[Stored dataset items]
::::::::::

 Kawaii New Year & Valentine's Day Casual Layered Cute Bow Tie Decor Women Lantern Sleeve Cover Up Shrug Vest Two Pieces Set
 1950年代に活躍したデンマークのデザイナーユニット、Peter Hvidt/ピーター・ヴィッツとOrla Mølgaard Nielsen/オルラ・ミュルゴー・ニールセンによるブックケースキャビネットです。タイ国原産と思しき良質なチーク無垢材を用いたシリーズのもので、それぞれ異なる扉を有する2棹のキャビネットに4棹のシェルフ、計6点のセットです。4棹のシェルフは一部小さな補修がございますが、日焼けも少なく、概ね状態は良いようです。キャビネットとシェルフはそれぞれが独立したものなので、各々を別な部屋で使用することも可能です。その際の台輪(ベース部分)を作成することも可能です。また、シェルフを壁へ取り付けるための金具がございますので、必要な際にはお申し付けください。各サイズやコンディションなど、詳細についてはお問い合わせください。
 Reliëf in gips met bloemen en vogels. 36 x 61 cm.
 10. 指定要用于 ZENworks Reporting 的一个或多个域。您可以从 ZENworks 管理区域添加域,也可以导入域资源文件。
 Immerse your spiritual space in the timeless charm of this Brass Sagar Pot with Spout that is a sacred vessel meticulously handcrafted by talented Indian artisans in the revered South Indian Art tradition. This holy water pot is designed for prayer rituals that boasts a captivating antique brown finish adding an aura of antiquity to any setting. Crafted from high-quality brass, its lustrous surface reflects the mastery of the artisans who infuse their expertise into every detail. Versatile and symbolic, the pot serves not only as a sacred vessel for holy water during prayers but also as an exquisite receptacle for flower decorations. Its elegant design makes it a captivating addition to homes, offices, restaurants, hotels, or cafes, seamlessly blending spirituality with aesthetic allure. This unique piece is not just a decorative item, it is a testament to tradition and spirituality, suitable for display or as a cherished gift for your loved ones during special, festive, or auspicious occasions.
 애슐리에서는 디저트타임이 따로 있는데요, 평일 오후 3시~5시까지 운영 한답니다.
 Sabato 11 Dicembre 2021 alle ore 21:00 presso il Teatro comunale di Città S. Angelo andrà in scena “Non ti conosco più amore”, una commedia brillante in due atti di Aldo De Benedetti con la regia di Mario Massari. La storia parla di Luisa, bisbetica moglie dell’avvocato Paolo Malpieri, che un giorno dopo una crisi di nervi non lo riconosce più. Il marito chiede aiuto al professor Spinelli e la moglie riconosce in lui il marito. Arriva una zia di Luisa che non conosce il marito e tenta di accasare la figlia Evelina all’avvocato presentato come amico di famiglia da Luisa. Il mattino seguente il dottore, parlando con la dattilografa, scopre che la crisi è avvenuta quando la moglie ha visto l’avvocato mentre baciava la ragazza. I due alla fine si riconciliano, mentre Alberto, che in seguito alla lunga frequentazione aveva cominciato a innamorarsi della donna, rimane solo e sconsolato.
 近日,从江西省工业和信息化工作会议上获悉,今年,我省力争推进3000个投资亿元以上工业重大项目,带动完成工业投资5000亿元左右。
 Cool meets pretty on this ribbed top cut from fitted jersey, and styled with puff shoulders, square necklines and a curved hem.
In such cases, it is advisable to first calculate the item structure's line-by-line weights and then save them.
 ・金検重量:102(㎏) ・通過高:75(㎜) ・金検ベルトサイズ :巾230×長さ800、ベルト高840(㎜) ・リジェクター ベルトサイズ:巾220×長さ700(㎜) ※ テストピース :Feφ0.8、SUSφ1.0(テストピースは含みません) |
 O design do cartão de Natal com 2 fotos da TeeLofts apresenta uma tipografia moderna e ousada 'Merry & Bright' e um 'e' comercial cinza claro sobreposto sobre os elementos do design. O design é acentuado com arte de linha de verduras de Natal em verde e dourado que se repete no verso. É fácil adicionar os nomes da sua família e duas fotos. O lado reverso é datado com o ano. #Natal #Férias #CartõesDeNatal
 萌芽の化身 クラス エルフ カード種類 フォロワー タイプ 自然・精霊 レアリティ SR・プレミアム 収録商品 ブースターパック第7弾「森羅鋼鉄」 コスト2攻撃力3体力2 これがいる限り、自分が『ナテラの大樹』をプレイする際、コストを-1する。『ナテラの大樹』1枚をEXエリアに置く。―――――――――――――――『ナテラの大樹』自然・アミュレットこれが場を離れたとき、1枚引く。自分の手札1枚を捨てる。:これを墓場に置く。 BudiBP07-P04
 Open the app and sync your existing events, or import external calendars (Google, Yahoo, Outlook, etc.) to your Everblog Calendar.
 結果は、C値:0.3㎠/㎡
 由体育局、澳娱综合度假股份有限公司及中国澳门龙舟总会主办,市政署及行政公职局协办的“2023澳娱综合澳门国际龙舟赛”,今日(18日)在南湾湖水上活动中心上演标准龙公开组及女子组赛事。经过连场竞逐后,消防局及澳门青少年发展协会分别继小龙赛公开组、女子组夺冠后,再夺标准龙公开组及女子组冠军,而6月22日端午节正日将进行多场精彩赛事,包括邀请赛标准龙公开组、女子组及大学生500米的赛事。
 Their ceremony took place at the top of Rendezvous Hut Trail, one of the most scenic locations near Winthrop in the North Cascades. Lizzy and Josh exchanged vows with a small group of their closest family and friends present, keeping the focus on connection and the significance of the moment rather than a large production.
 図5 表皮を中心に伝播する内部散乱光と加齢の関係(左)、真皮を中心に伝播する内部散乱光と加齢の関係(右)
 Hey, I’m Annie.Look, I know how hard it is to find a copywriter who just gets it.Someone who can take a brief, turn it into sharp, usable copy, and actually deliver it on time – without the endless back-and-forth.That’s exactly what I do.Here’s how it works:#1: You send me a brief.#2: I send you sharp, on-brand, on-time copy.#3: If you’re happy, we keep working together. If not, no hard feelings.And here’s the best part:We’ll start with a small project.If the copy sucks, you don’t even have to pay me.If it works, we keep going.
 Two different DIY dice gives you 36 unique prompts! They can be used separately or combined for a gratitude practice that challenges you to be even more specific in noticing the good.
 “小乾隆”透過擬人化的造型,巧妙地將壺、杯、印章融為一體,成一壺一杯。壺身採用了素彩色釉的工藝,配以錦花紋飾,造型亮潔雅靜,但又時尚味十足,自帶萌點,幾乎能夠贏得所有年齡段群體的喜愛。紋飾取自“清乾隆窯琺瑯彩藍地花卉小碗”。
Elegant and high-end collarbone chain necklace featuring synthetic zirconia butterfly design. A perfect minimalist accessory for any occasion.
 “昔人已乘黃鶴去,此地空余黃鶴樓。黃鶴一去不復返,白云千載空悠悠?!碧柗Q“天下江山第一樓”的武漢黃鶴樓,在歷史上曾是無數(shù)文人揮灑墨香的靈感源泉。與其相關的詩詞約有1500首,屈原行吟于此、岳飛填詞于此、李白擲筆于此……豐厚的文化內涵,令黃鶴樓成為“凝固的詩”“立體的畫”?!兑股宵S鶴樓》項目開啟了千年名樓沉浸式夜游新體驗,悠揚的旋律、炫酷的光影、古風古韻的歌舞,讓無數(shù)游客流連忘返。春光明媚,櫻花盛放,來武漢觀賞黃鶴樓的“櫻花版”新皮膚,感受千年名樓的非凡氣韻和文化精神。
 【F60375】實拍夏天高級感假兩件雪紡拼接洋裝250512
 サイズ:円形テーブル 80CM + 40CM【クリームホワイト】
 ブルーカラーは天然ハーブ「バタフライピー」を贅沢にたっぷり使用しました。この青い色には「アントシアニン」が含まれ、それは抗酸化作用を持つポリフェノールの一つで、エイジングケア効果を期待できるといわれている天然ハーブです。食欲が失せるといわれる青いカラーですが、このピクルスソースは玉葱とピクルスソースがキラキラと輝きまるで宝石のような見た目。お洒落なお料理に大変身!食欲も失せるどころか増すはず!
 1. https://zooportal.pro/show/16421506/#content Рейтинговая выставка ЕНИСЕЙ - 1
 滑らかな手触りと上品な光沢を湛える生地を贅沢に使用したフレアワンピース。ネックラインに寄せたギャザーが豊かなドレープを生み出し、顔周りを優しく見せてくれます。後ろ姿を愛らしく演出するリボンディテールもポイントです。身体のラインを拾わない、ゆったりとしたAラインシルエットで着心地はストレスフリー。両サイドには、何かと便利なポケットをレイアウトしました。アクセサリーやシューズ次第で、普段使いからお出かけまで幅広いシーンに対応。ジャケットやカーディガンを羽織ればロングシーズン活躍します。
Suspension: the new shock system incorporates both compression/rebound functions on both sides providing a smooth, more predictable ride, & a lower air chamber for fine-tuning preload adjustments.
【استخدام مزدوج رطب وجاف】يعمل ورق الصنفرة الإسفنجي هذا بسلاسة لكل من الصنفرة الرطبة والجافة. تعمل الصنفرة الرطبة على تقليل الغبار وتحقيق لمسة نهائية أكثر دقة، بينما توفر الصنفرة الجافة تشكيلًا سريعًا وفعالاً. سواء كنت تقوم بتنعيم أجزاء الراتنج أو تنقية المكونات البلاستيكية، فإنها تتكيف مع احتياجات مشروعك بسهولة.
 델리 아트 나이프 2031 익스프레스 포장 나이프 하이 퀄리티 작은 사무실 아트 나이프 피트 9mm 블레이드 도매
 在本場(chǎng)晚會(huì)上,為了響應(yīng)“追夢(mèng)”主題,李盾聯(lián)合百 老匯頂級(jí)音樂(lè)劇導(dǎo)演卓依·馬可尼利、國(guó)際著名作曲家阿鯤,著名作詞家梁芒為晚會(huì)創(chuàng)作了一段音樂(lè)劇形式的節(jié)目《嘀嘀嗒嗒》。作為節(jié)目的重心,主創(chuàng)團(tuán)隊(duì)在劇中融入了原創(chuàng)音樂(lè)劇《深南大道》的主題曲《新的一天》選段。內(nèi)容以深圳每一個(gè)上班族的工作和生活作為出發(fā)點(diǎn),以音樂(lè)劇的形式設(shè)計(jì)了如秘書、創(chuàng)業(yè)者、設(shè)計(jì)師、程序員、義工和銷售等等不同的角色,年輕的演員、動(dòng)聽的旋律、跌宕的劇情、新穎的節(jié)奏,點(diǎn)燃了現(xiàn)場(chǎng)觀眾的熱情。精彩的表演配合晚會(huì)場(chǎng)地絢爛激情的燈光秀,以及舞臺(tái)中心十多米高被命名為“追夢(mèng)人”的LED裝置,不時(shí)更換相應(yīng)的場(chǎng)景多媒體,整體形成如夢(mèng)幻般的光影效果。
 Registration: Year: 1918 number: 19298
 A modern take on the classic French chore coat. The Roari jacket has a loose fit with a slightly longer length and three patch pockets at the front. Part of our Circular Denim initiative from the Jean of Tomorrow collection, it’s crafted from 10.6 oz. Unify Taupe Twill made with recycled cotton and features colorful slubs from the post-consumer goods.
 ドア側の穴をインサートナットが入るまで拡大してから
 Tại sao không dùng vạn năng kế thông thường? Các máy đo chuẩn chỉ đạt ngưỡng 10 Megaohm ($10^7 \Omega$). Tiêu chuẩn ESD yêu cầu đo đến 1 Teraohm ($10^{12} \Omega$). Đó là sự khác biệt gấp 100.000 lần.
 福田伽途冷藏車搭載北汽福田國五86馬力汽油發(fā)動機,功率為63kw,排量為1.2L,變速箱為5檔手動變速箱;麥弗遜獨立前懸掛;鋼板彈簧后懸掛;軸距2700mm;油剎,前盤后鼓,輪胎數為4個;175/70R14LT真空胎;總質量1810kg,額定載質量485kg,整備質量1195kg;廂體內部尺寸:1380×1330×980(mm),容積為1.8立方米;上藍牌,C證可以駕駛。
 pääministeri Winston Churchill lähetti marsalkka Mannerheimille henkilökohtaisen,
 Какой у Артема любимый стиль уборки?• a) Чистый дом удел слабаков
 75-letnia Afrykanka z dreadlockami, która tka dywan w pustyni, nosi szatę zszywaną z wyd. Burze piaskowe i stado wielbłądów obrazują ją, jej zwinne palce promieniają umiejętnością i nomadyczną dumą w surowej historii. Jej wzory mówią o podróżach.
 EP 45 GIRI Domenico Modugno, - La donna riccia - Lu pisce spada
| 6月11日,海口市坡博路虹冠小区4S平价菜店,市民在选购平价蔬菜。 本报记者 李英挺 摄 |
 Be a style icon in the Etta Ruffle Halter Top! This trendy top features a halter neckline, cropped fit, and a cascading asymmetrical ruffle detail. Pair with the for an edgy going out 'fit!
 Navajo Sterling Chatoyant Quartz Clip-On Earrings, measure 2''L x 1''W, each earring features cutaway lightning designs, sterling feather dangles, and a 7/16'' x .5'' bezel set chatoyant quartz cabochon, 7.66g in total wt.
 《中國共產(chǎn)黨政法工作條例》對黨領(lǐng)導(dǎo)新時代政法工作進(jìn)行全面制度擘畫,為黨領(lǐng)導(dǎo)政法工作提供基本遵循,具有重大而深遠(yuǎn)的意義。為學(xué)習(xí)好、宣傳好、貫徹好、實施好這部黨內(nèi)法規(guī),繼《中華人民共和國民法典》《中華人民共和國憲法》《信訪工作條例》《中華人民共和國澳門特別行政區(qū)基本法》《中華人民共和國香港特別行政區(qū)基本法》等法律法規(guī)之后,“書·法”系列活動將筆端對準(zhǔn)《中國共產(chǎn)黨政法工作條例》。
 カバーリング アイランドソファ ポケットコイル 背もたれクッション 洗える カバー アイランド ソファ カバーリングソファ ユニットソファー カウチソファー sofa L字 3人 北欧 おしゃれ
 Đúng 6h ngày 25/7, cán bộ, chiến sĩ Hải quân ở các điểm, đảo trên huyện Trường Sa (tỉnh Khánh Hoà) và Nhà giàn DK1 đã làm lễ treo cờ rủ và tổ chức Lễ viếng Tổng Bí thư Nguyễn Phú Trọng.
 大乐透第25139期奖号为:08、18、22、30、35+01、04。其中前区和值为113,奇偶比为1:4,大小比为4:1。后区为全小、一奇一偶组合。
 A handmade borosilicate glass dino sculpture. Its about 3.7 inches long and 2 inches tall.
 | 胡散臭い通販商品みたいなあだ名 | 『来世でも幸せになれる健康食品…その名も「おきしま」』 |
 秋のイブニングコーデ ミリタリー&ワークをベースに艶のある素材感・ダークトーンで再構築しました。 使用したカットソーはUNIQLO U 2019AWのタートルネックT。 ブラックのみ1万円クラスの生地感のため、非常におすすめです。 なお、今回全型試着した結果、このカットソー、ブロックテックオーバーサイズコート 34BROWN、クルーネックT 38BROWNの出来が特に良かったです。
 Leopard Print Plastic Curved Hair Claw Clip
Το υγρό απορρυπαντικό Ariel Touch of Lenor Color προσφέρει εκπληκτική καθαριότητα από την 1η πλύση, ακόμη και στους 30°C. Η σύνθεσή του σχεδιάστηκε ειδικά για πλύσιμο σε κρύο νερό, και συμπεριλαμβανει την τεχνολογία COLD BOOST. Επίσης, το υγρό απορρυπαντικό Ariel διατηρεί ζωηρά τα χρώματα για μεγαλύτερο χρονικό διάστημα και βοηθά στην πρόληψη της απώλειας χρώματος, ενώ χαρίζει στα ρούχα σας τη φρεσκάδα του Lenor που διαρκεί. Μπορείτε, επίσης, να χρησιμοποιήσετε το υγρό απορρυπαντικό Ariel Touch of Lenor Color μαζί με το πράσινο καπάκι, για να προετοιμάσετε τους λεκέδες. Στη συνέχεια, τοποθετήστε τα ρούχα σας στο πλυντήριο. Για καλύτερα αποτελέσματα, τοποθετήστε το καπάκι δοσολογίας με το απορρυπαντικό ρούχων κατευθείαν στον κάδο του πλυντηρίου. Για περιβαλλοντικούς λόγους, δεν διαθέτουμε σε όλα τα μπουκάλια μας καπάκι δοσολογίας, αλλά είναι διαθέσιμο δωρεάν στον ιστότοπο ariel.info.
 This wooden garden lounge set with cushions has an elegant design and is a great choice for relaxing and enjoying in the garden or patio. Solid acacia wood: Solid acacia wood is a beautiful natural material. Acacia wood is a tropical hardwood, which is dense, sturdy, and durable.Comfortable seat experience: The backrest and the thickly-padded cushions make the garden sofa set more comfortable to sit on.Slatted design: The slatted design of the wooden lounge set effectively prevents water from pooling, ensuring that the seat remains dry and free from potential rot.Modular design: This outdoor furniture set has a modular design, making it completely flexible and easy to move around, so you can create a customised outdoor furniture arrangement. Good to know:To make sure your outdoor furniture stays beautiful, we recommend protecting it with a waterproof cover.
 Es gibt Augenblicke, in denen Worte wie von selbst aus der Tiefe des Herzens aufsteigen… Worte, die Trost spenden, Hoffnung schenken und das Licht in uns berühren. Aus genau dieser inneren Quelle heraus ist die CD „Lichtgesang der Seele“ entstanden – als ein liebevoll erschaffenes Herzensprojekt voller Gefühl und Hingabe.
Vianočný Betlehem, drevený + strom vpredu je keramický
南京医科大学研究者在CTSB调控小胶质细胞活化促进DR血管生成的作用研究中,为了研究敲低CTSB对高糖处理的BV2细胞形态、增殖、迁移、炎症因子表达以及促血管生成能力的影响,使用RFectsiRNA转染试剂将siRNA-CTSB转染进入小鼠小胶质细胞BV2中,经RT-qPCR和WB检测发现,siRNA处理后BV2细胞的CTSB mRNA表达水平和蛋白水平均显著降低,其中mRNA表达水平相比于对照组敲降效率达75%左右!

::::::::::

Among the entries above, the lines between the ones containing "A handmade borosilicate" and "Leopard Print Plastic Curved Hair Claw Clip", inclusive, are to be transcribed exactly. No other line is to be given.

 A handmade borosilicate glass dino sculpture. Its about 3.7 inches long and 2 inches tall.
 | 胡散臭い通販商品みたいなあだ名 | 『来世でも幸せになれる健康食品…その名も「おきしま」』 |
 秋のイブニングコーデ ミリタリー&ワークをベースに艶のある素材感・ダークトーンで再構築しました。 使用したカットソーはUNIQLO U 2019AWのタートルネックT。 ブラックのみ1万円クラスの生地感のため、非常におすすめです。 なお、今回全型試着した結果、このカットソー、ブロックテックオーバーサイズコート 34BROWN、クルーネックT 38BROWNの出来が特に良かったです。
 Leopard Print Plastic Curved Hair Claw Clip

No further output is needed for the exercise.